Items from a data source:
== Segment start ==

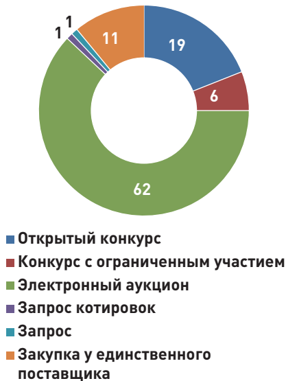
Рисунок 1. Объявленные закупки в рамках Закона № 44-ФЗ, в I—III кварталах 2014 г., %
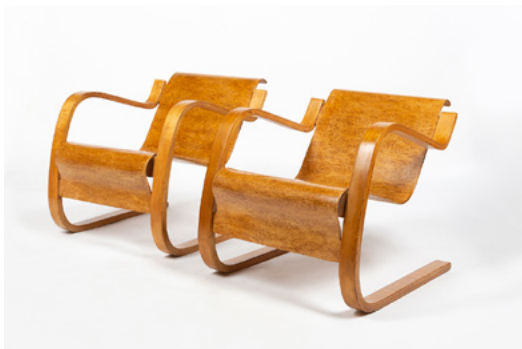
Fauteuil "31" Designer: Alvar Aalto Année de création: 1932

Chez CH Design Furniture, Cheyres
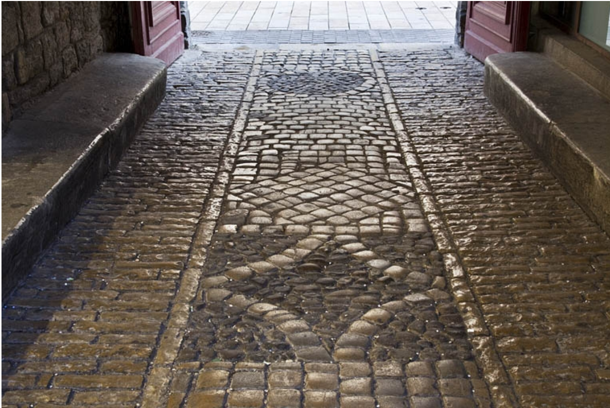
Premier passage cocher : détail du décor du sol, vue d'ensemble.

25, Besançon Grande Rue 44, lieudit : îlot d' Emskerque

== Segment end ==

Description of the task: Omit the pictures and write out the lines above from the one with "Chez CH Design Furniture, Cheyres" through the last, unchanged.

The answer:
Chez CH Design Furniture, Cheyres
Premier passage cocher : détail du décor du sol, vue d'ensemble.

25, Besançon Grande Rue 44, lieudit : îlot d' Emskerque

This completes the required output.